Ingredients:
- 1 tbsp Ground Cumin
- 1 tbsp Ground Coriander
- 1 tsp Ground Turmeric
- 1 tsp Smoked Paprika
- 1/2 tsp Ground Cinnamon
- 1/4 tsp Ground Cloves
- 1 tsp Sea Salt
- 1/2 tsp Cracked Black Pepper
- 1.5 lbs Chicken Breast or Boneless Skinless Thighs, sliced into thin strips
- 1 Large Red Onion, thinly sliced
- 2 Large Bell Peppers (Red and Yellow), sliced into strips
- 1 cup Cherry Tomatoes
- 1/4 cup Extra Virgin Olive Oil
- 2 tbsp Fresh Lemon Juice
- 3 cloves Garlic, minced
- 2 tbsp Plain Greek Yogurt
Instructions:
- Preheat your oven to 425°F (220°C). In a large mixing bowl, whisk together the olive oil, lemon juice, minced garlic, Greek yogurt, and the entire spice blend (cumin, coriander, turmeric, paprika, cinnamon, cloves, salt, and pepper).
- Add the sliced chicken strips, sliced red onion, and bell peppers to the bowl.

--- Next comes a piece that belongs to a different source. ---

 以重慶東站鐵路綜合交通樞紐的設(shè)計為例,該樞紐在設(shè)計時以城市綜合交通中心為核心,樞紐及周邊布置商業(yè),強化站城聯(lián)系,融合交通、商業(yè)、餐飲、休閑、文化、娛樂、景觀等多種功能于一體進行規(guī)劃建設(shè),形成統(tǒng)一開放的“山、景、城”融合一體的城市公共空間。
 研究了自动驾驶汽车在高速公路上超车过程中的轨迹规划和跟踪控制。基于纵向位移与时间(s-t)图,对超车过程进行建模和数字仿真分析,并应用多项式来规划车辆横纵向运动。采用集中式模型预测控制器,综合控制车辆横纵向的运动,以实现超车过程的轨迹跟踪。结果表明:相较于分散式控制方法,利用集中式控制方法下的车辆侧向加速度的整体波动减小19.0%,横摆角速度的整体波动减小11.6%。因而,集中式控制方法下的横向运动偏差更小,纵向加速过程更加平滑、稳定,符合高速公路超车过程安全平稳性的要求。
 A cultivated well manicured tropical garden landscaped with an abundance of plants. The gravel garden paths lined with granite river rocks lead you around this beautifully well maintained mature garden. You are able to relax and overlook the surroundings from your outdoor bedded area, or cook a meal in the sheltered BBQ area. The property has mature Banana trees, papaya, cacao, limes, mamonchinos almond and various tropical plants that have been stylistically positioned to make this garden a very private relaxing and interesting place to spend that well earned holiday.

Toss and massage the marinade into the ingredients until everything is evenly coated.
- Line an extra-large rimmed baking sheet with parchment paper. Spread the chicken and vegetable mixture in a single, even layer, ensuring the pan is not overcrowded to allow for roasting rather than steaming.

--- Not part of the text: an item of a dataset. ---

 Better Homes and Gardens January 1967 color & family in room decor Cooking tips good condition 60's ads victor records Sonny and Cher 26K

- Place the pan in the center of the oven and roast for 20–25 minutes. The dish is ready when the chicken reaches an internal temperature of 165°F (74°C) and the onions show slight charring on the edges.
- Remove from the oven and let the chicken rest for 5 minutes. Garnish with fresh chopped parsley and an optional extra squeeze of lemon juice before serving.